Server FAQ#

If there are any changes or issues in the server, please first check the command openmldb_tool status and inspect online to see if the cluster is functioning properly.

Deployment FAQ#

1. How to confirm that the cluster is running normally?#

Although there is a one-click startup script, due to the numerous configurations, issues such as “port already in use” or “directory without read-write permissions” may occur. These problems are usually discovered only after the server process has started, and there is no immediate feedback upon exit. (If monitoring is configured, you can check directly through the monitoring system.)

Therefore, please first confirm that all server processes in the cluster are running normally.

You can use ps aux | grep openmldb or the SQL command show components; to check. (Note that if you use a daemon, the openmldb server process may be in a loop of starting and stopping, which does not necessarily mean continuous operation. You can confirm this through logs or the connection time from show components;.)

If the processes are alive, but the cluster is still behaving abnormally, it is necessary to check the server logs. Priority should be given to examining WARN and ERROR level logs, as they often indicate the root cause.

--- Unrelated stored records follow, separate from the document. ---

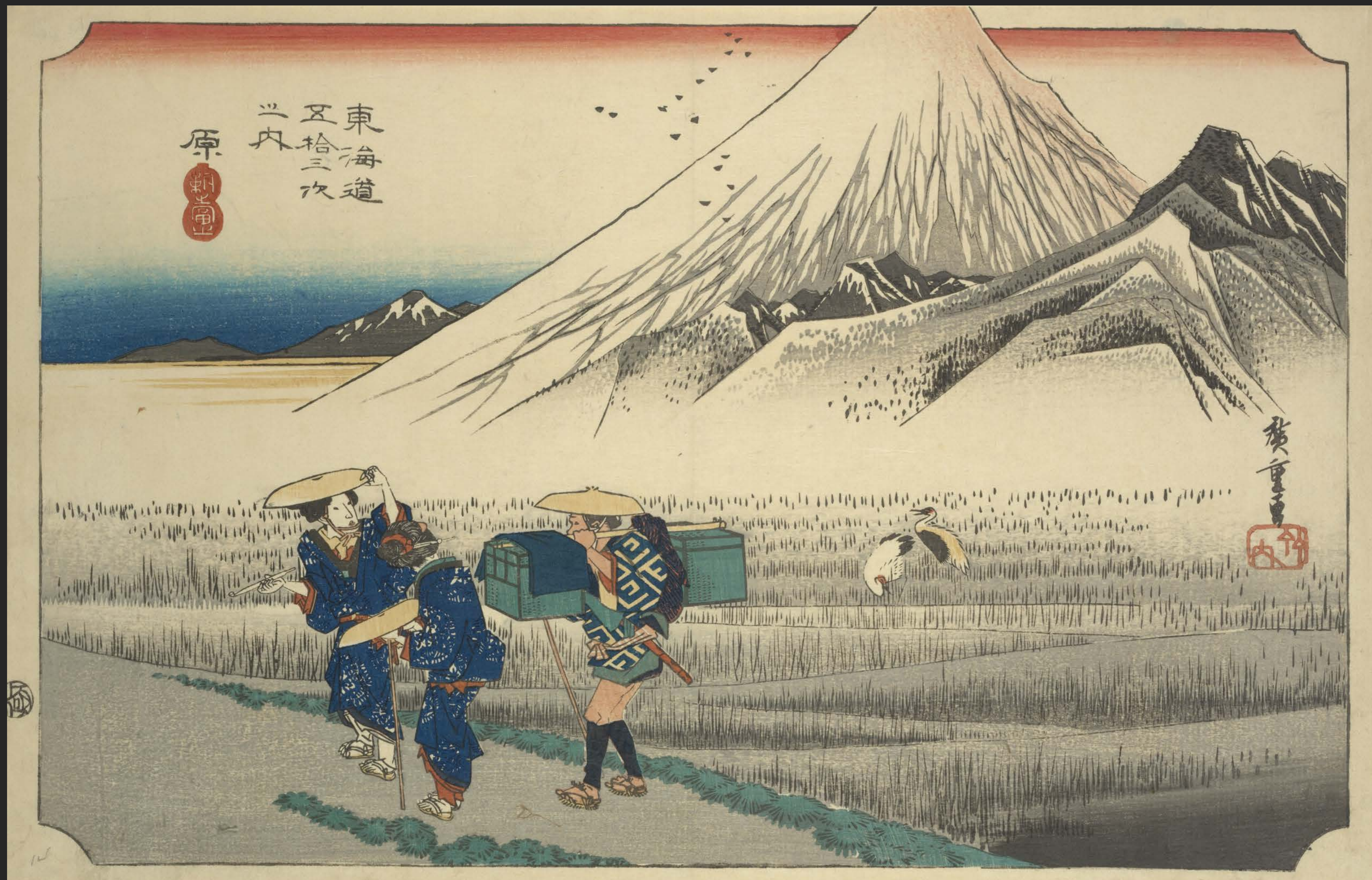
東海道五十三次之内 原 朝之富士
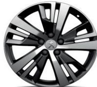
18" 'Detroit' Storm Grey
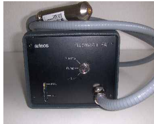
Abb. 3: Atmosphären-Plasma-Gerät
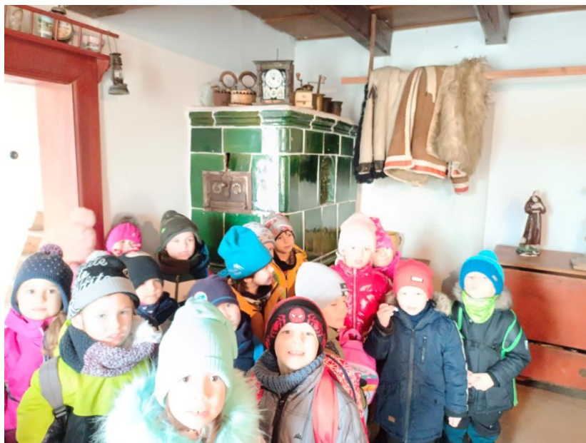
Obrázek 6 Slovácká jizba
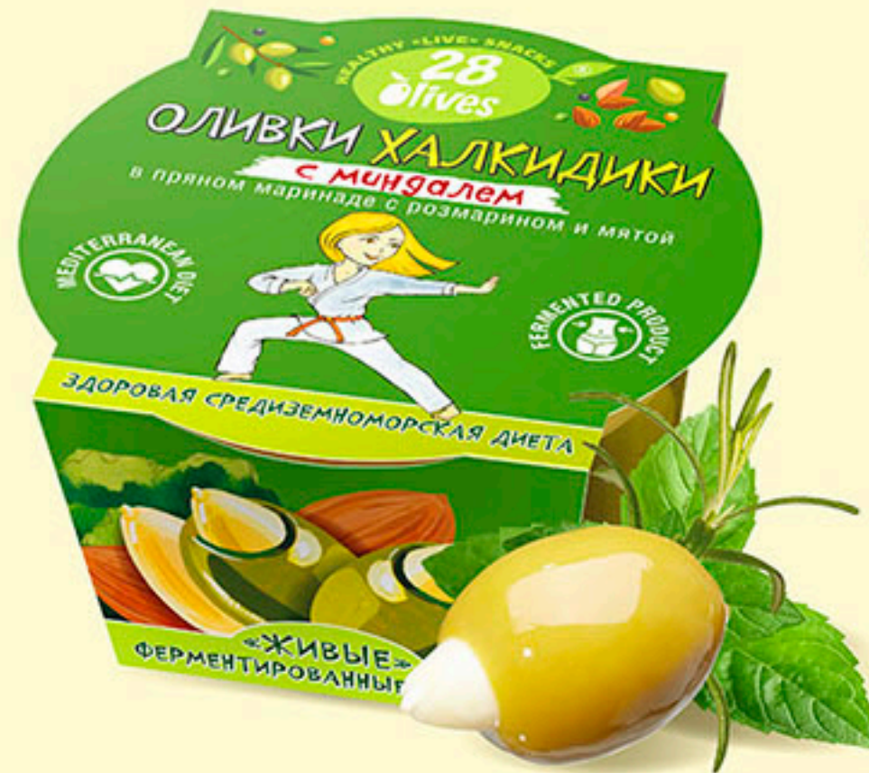
44 ОЛИВКИ ХАЛКИДИКИ с миндалем в пряном маринаде с розмарином и мятой
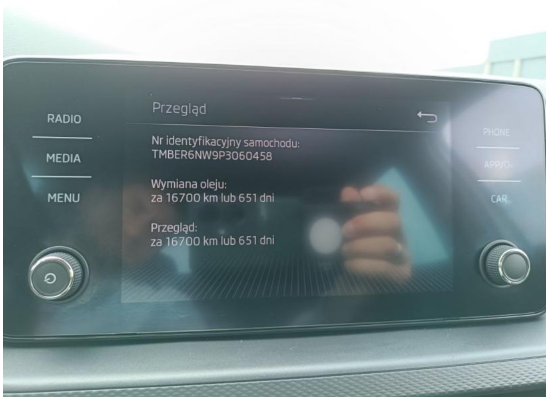
Fot. 34 Książka serwisowa – ostatni przegląd
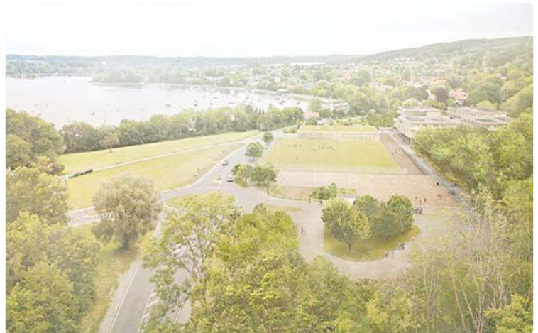
Das Gymnasium (rechts) soll sich harmonisch in die Landschaft fügen.

Für den Förderverein ist das Engagement mit dem Gemeinderatsbeschluss nicht
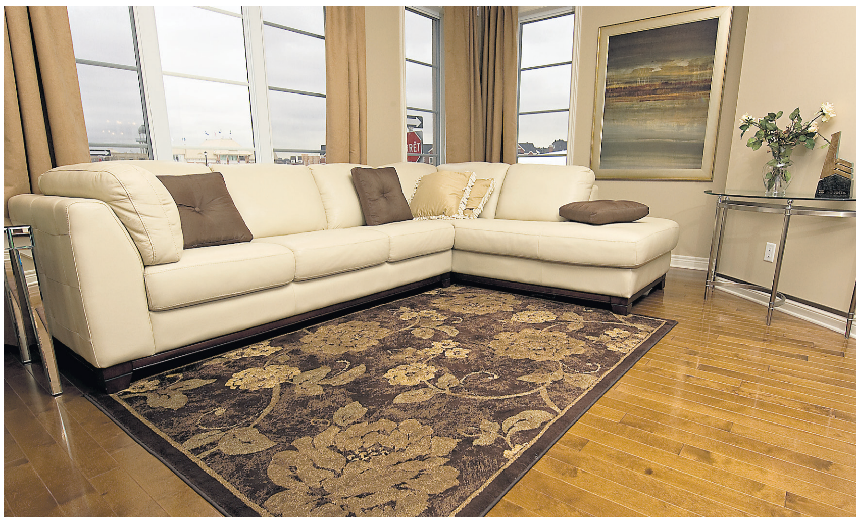
Ce salon possède plusieurs caractéristiques vertes, qui ne sautent pas nécessairement aux yeux. La pièce étant orientée vers le sud, de grandes fenêtres laissent entrer la lumière. L'ossature de la maison est faite de bois certifié FSC. Le parquet préverni est fait d'une essence de bois local (non exotique). La peinture est sans COV.

Certains constructeurs offrent déjà des forfaits verts. C'est le cas,

2. What if the data is not automatically restored successfully?#

In normal circumstances, when we restart the service, the data in the table will automatically be recovered. However, there are cases where recovery may fail, and common failure scenarios include:

  • Tablet abnormal exit

  • Multiple-replica tables have multiple replicas in tablets that restart simultaneously or too quickly, causing some auto_failover operations not to complete before the tablet restarts

  • auto_failover set to false

After the service has successfully started, you can use gettablestatus to obtain the status of all tables:

python tools/openmldb_ops.py --openmldb_bin_path=./bin/openmldb --zk_cluster=172.24.4.40:30481 --zk_root_path=/openmldb --cmd=gettablestatus

If there are Warnings in the table, you can use recoverdata to automatically recover the data:

python tools/openmldb_ops.py --openmldb_bin_path=./bin/openmldb --zk_cluster=172.24.4.40:30481 --zk_root_path=/openmldb --cmd=recoverdata

Server FAQ#

1. Why is there a warning log for ‘Failed to write into Socket’ in the log?#

http_rpc_protocol.cpp:911] Fail to write into Socket{id=xx fd=xx addr=xxx} (0x7a7ca00): Unknown error 1014 [1014]

This is the log that the server will print. Usually, if the client-side uses connection pooling or short connection mode, the connection will be closed after RPC timeout. When the server writes back the response, it will report this error if it finds that the connection has already been closed. Got EOF refers to receiving an EOF before (when the other end has closed the connection normally). When using single connection mode on the client side, the server side generally does not report this.

2. The initial setting of TTL for table data is not appropriate. How to adjust it?#

This requires the use of nsclient to make the modification, and a regular client cannot achieve this. The startup method and commands for nsclient can be found in NS Client.

In nsclient, you can use the setttl command to change the ttl for a table, similar to:

setttl table_name ttl_type ttl [ttl] [index_name]

As can be seen, if the name of the index is configured at the end of the command, it is possible to only modify the ttl of a single index.

Caution

Changes made with setttl will not take effect immediately and will be influenced by the gc_interval configuration of the tablet server. (The configuration is independent for each tablet server and does not affect others.)

For example, if the gc_interval for a tablet server is set to 1 hour, then the ttl configuration reload will take place at the end of the next gc (in the worst case, it will reload after 1 hour). During this gc, the data eviction will not follow the latest ttl. It will only use the updated ttl in the subsequent gc.

Therefore, after changing ttl, you need to wait for two cycles of the gc interval for it to take effect. Please be patient.

Of course, you can adjust the gc_interval for the tablet server, but this configuration cannot be changed dynamically and takes effect only after a restart. So, if there is significant memory pressure, consider scaling or migrating data shards to reduce memory pressure. It is not recommended to adjust gc_interval lightly.

3. A warning log appears: “Last Join right table is empty”, what does this mean?#

Generally speaking, this is a normal phenomenon and does not represent cluster anomalies. The right table of the join in the runner may be empty, which is likely due to data issues.